Pada beberapa gerakan Islam tradisional pengaruh kebudayaan lokal cukup kuat dalam
implementasi ritual keagamaan, bahkan secara kultural dapat dikatakan bersifat sinkretik. Hal
ini membuat tradisi pada wilayah tertentu melebur dengan praktik keagamaan masyarakat di
daerah tersebut. Gerakan Islam di Indonesia yang pernah berada atau masih bertahan pada
jalur tradisional diantaranya adalah Nahdhatul Ulama, tarikat Qadiriyah Naqsyabandiyah, dan
gerakan Jama’ah Tabligh. Beberapa dari gerakan ini telah mengalami banyak perkembangan
dan memiliki kecenderungan modernitas dalam aktivitasnya.
Nahdhatul Ulama
Berdirinya Nahdhatul Ulama (NU) dipandang sebagai pelembagaan tradisi keagamaan yang
sudah mengakar di wilayah Jawa. Kultur masyarakat Jawa sebagai tempat kelahiran NU
memberikan banyak pengaruh pada karakteristik gerakan dakwah NU selanjutnya. Peleburan
antara tradisi lokal dengan praktik keagamaan adalah salah satu karakteristik yang menjadi
ciri khas masyarakat NU. Sejak awal berdirinya NU dipandang sebagai organisasi para ulama
tua di daerah pedesaan yang secara agama bersifat kultural, secara intelektual sederhana,
secara kultural bersifat sinkretik, dan secara politik bersifat oportunis. Namun anggapan ini
berkembang sebelum tahun 1970-an. Perkembangan NU pada tahun 1970-an mulai
menunjukkan bahwa NU telah menjadi sebuah organisasi yang progresif. Hal ini ditunjukkan
melalui dinamika NU pada masa orde baru yang sudah dapat bereaksi terhadap kebijakan
pemerintah pada masa itu. Hal ini menunjukkan bahwa NU mengalami perubahan pada
orientasinya.
Pada masa pembentukan awal NU adalah sebuah organisasi sosial keagamaan yang
mengumpulkan ulama dari berbagai daerah untuk melawan kolonialisme, namun pada
perjalanannya NU pun memasuki ranah politik dan bergabung dengan Masyumi hingga
selanjutnya berdiri sendiri sebagai partai politik.

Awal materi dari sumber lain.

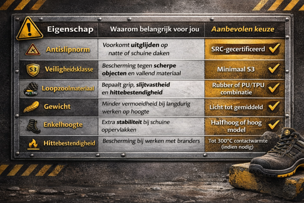 Let daarom altijd op de volgende criteria wanneer jij werkschoenen voor dakdekkers kiest:

NU lahir dari kultur masyarakat penganut Ahlussunnah wal Jama’ah, upaya untuk
melembagakan kulturnya didorong oleh situasi kolonialisme yang melahirkan gerakan sosial-
politik. Pelembagaan kultur NU juga menjadi salah satu upaya untuk pembelaan kalangan
Islam tradisional di Jawa terhadap arus pembaruan yang mulai masuk ke Indonesia.

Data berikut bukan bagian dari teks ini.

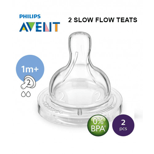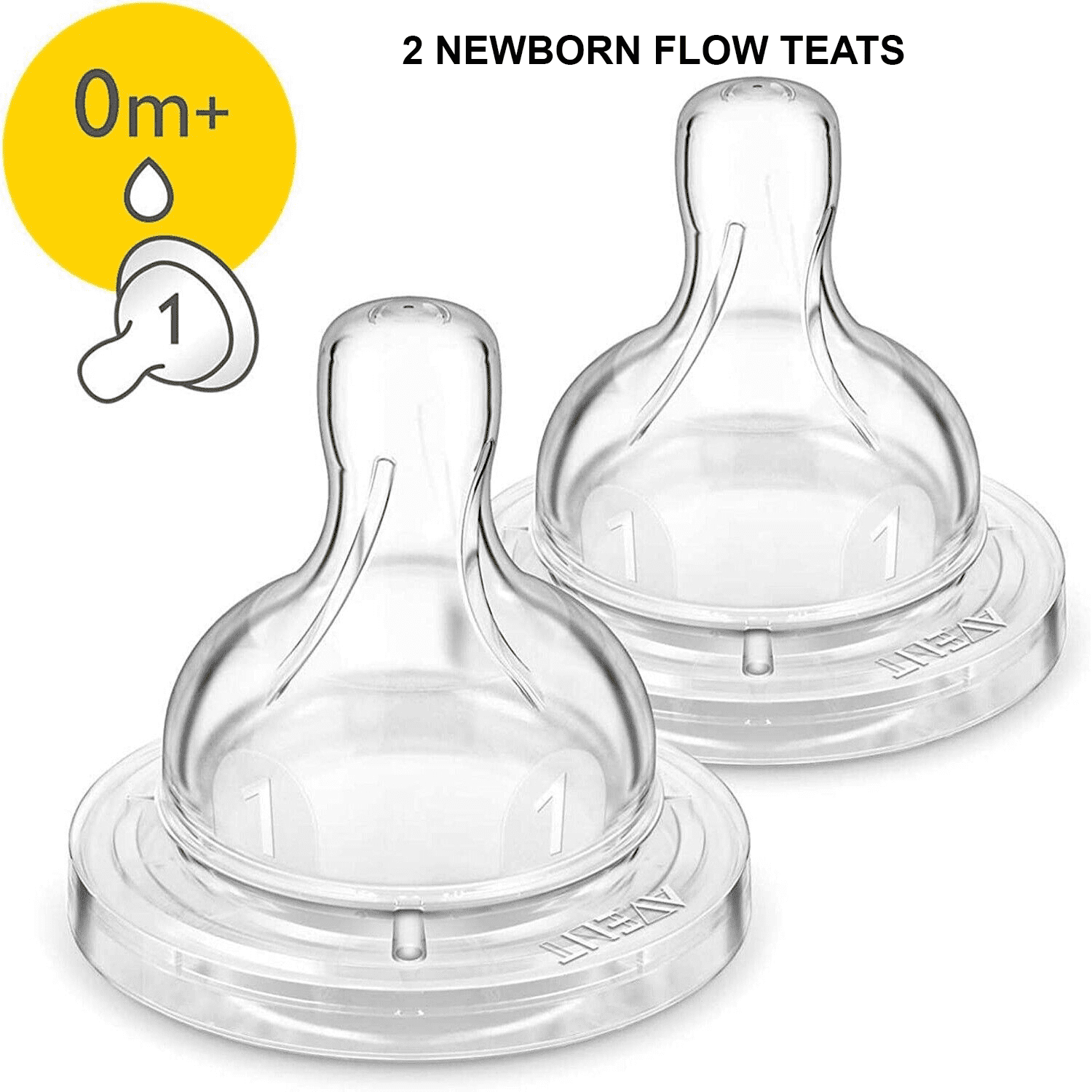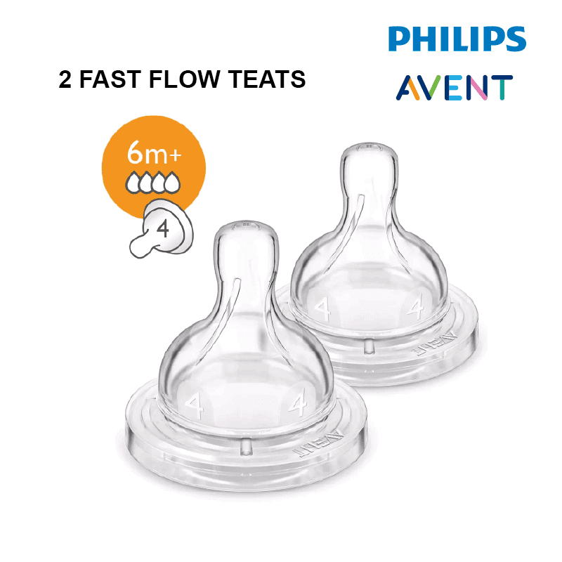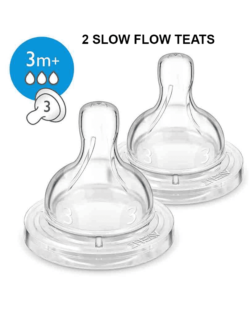 The Philips Avent Anti-colic bottle range offers different teat flow rates to keep up with your baby’s growth. Remember that age indications are approximate as babies develop at different rates. All teats are available in twin packs: Newborn, Slow, Medium, Fast and Variable Flow, and Thick feed.

Aspek tradisi pada keagamaan yang dipegang oleh NU akhirnya melahirkan sikap-sikap yang
menjadi ciri khas normatif organisasi NU. Sikap-sikap tersebut diantaranya adalah sikap
tengah yang berintikan tentang prinsip hidup yang menjunjung tinggi keharusan berlaku adil
dan lurus di tengah kehidupan bersama, sikap toleran terhadap perbedaan, terutama hal-hal
yang bersifat cabang dari sebuah pemahaman, serta dalam soal kemasyarakatan dan
kebudayaan. Sikap seimbang dalam berkhidmat kepada Tuhan, manusia, lingkungan
hidupnya, serta menyelaraskan kepentingan masa lalu, masa kini, dan masa mendatang, sikap
selalu memiliki kepekaan untuk mendorong perbuatan yang baik, berguna dan bermanfaat
bagi kehidupan bersama, serta menolak dan mencegah semua hal yang menjerumuskan dan
merendahkan nilai-nilai kehidupan.
Dalam memandang dunia, NU menjadikan tasawuf sebagai salah satu ajaran yang bersatu
dengan konsep keagamaannya. Tasawuf adalah pedoman bagi adanya perilaku berahlak.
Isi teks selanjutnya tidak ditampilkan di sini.